In a dream Dad leaves me a note: "Dear Sean, you already know how to grieve, I taught you this, Love Dad." Sunlight blurs the horizon waking up. I will never have what I want, thus this loveliness, thus this suffering.
I went for long walks as a child - farther into the forest than children are meant to go alone - and learned what you learn when you meet, are eaten by, and yet survive somehow the witch. Is a sentence intelligent, is a flower? There's something in your eyes that makes it clear we're finished hiding.

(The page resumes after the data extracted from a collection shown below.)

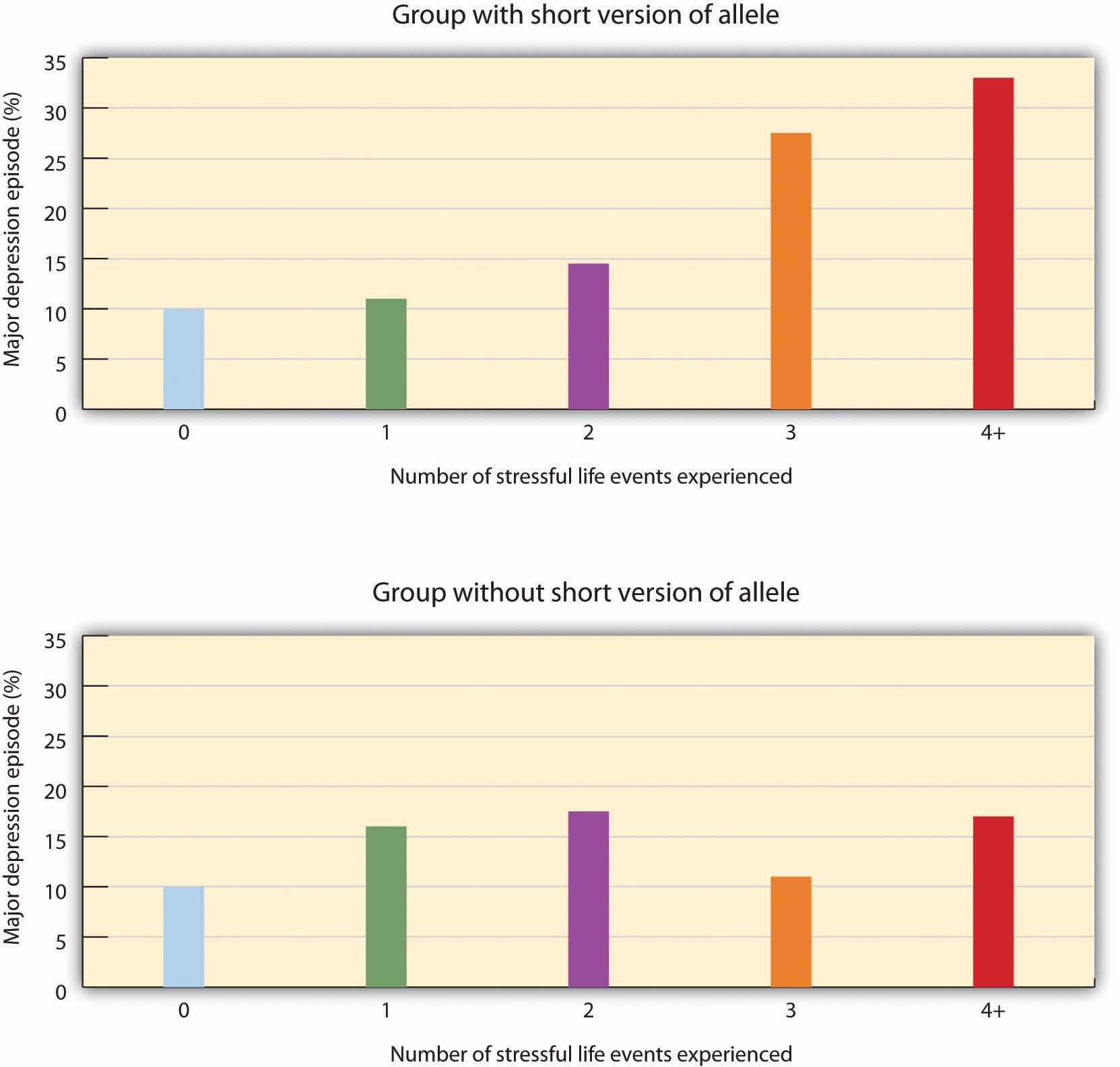 To consider one example, the psychological disorder of schizophrenia has a biological cause because it is known that there are patterns of genes that make a person vulnerable to the disorder (Gejman, Sanders, & Duan, 2010).Gejman, P., Sanders, A., & Duan, J. (2010). The role of genetics in the etiology of schizophrenia. Psychiatric Clinics of North America, 33(1), 35–66. doi:10.1016/j.psc.2009.12.003 But whether or not the person with a biological vulnerability experiences the disorder depends in large part on psychological factors such as how the individual responds to the stress he experiences, as well as social factors such as whether or not he is exposed to stressful environments in adolescence and whether or not he has support from people who care about him (Sawa & Snyder, 2002; Walker, Kestler, Bollini, & Hochman, 2004).Sawa, A., & Snyder, S. (2002). Schizophrenia: Diverse approaches to a complex disease. Science, 296(5568), 692–695. doi:10.1126/science.1070532; Walker, E., Kestler, L., Bollini, A., & Hochman, K. (2004). Schizophrenia: Etiology and course. Annual Review of Psychology, 55, 401–430. doi:10.1146/annurev.psych.55.090902.141950 Similarly, mood and anxiety disorders are caused in part by genetic factors such as hormones and neurotransmitters, in part by the individual’s particular thought patterns, and in part by the ways that other people in the social environment treat the person with the disorder. We will use the bio-psycho-social model as a framework for considering the causes and treatments of disorder.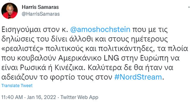 «Εισηγούμαι στον κ. @amoshochstein που με τις δηλώσεις του δίνει άλλοθι και στους ημέτερους “ρεαλιστές” πολιτικούς και πολιτικάντηδες, τα πλοία που κουβαλούν Αμερικάνικο LNG στην Ευρώπη να είναι Ρωσικά ή Κινέζικα.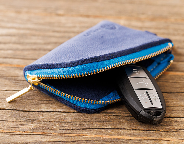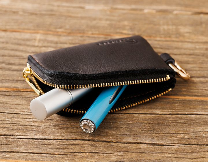 手のひらにすっぽり収まるコンパクトなサイズながら、コインやカード・鍵・リップなど小物をスッキリ収納。 L字ファスナーで大きく開くので中身が見やすく取り出しもスムーズ。 かさばらない薄型のフォルムはバッグの中でも場所を取らず、ポケットにも収まりやすいアイテムです。 カラビナがついているので、バッグやベルトループに付けることもできます。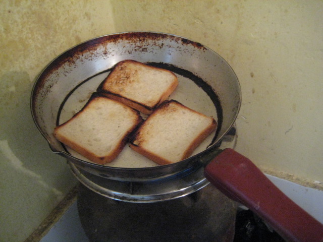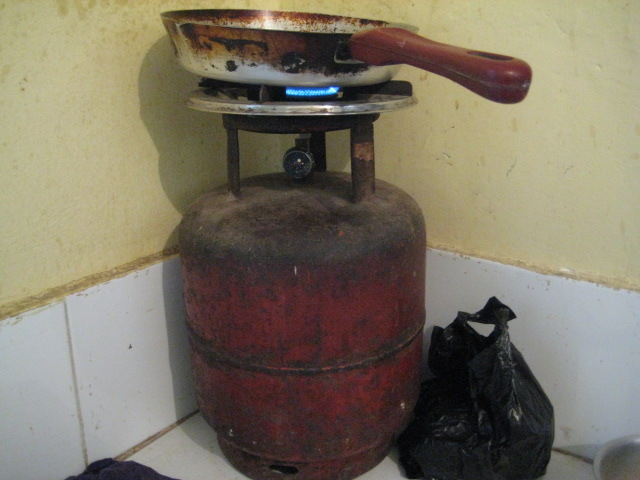 コンロがまた渋いんよ!これ↓オーブンレンジもないからフライパンでパンを焼く。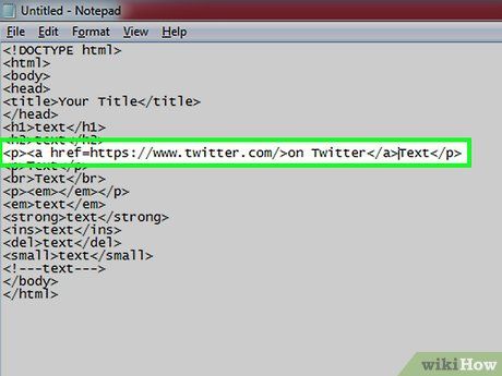 Đóng thẻ đường dẫn. Ngay sau nội dung bạn muốn làm đường dẫn, nhập </a>. Ví dụ, với dòng 'Theo dõi tôi trên Twitter' đã được liên kết với Twitter và chọn để làm đường dẫn cho 'trên Twitter', mã của bạn sẽ trông như sau: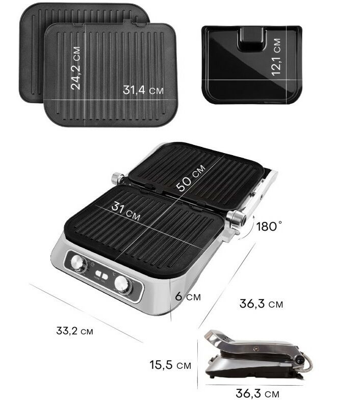 Электрический гриль, 2 съемный панели, поддон для сбора жира, гарантийный талон, инструкция на русском языке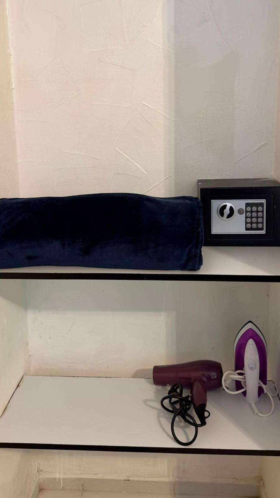 Note. There was adequate shelving but no place to hang clothes. An iron, ironing board and hair dryer were a nice touch.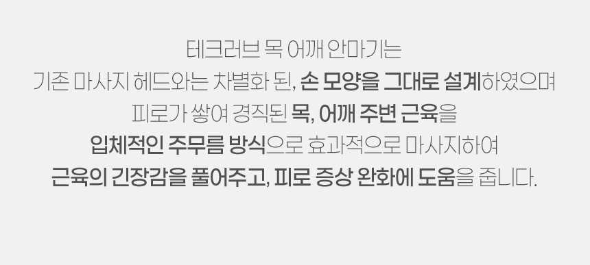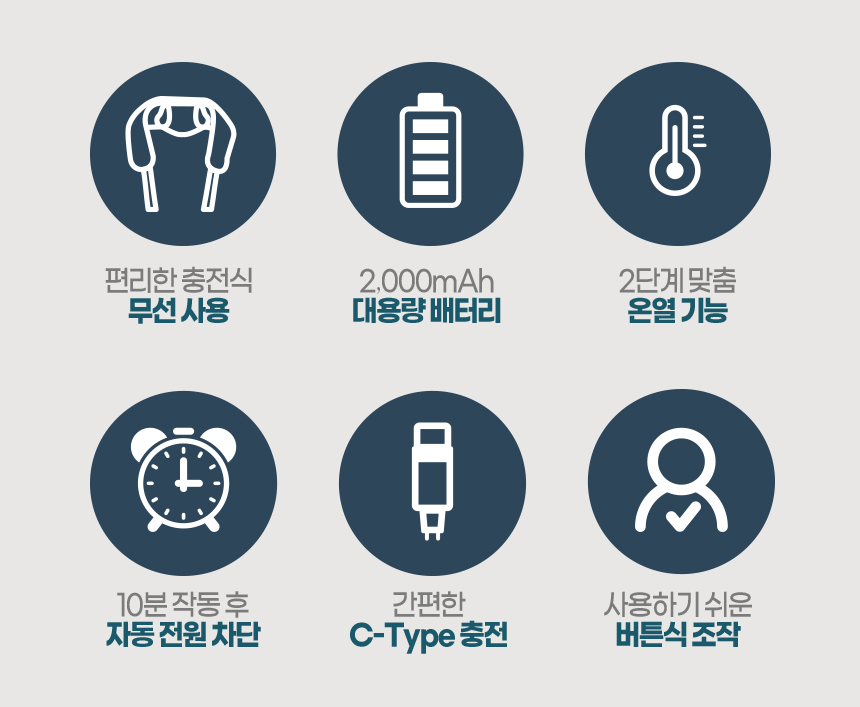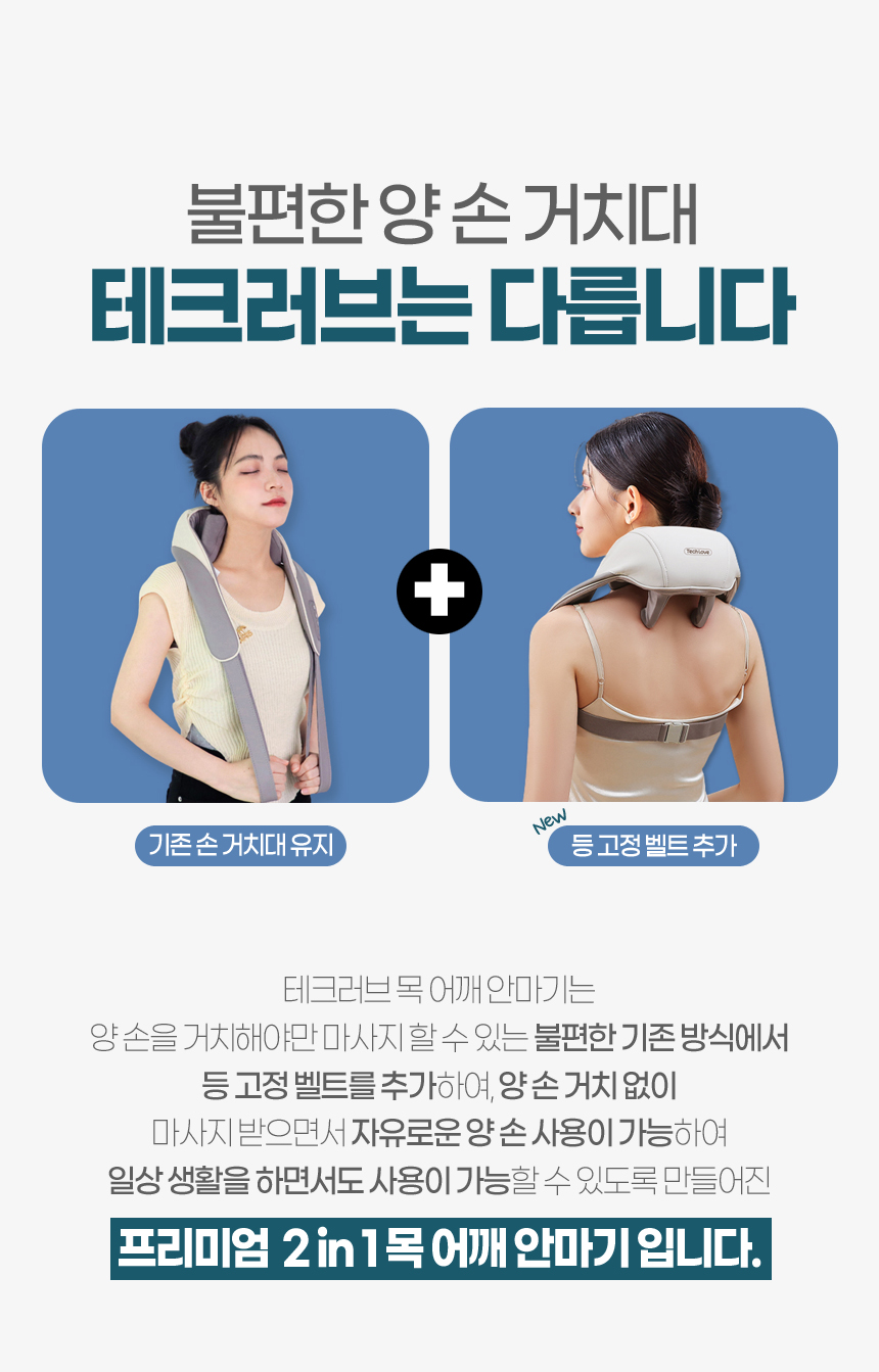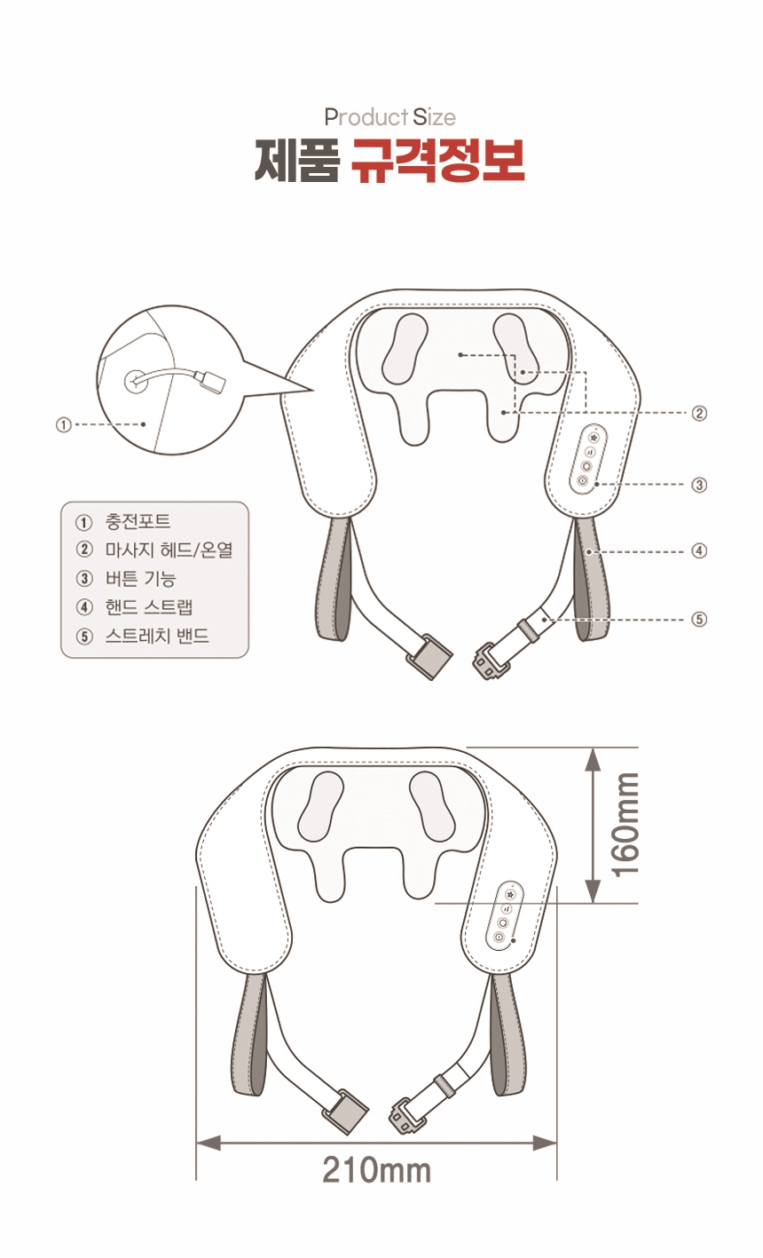 - 강력한, 3D주무름 입체마사지- 2in1 등고정벨트로 팔 거치가 필요없음- 온열찜질마사지- 무선사용, C-Type충전- 10분작동후 전원차단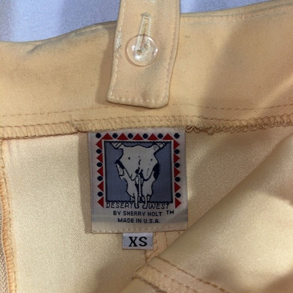 This is a structured bustier blouse tank top designed for women. It features a sweetheart neckline and comes in a bright yellow color. The brand is Desert West and the size type is regular. The size available is XS. The straps are adjustable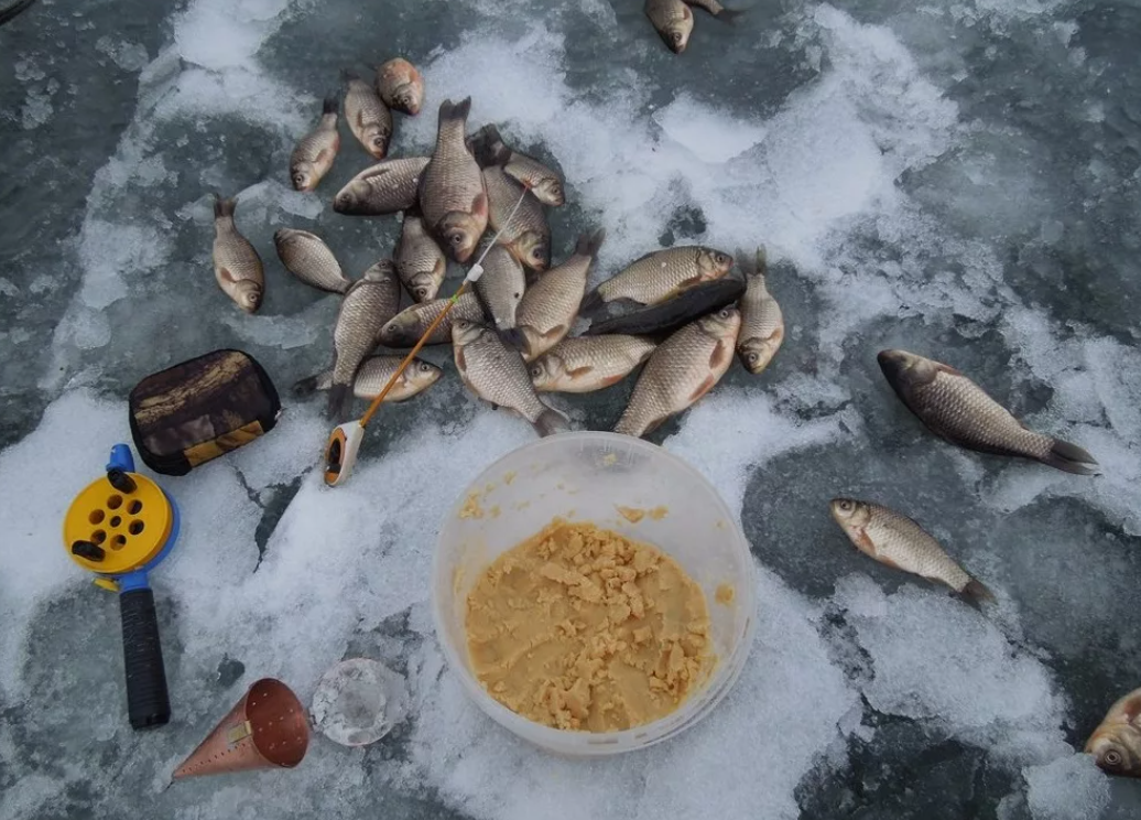 Прикорм подходит для сезона глухозимья до окончания холодов, схода ледового покрытия. Потребуются: панировочные сухари, просеянный сквозь сито грунт, мелкоперемолотая макуха, мотыль, свиная кровь.

What is "all the way" now anyway? Glasses off means no longer knowing what bird is in the maple tree, unless it's a cardinal because even blind I know cardinals. She trespasses, lays graffiti on the cathedral and come stains in the sanctum, all to make clear there are neither sanctums nor cathedrals, thus liberating my captivated, confused-about-salvation soul.
Snow falling in parts of the landscape I betrayed. It's like Vermont is a two-syllable prayer. Who needs saving again?
It's a relief to know that we are at last beyond the argument, beyond suspicion. Deer work together, a cooperative intensity we can't imagine. The war zones we worship, the peace plans we scuttle in hotels we can't afford.
Church reaches the bedroom - spills its rituals and stained glass on the sheets - and now what? There are depths of beauty I still cannot manage. Begging the dispensation of non-existent Gods, knowing it's all futile, and yet.
So I left Emily Dickinson staring at an empty table, so what? Whose hunger, whose meal, and who counts the sparrow choking on these bitter crumbs?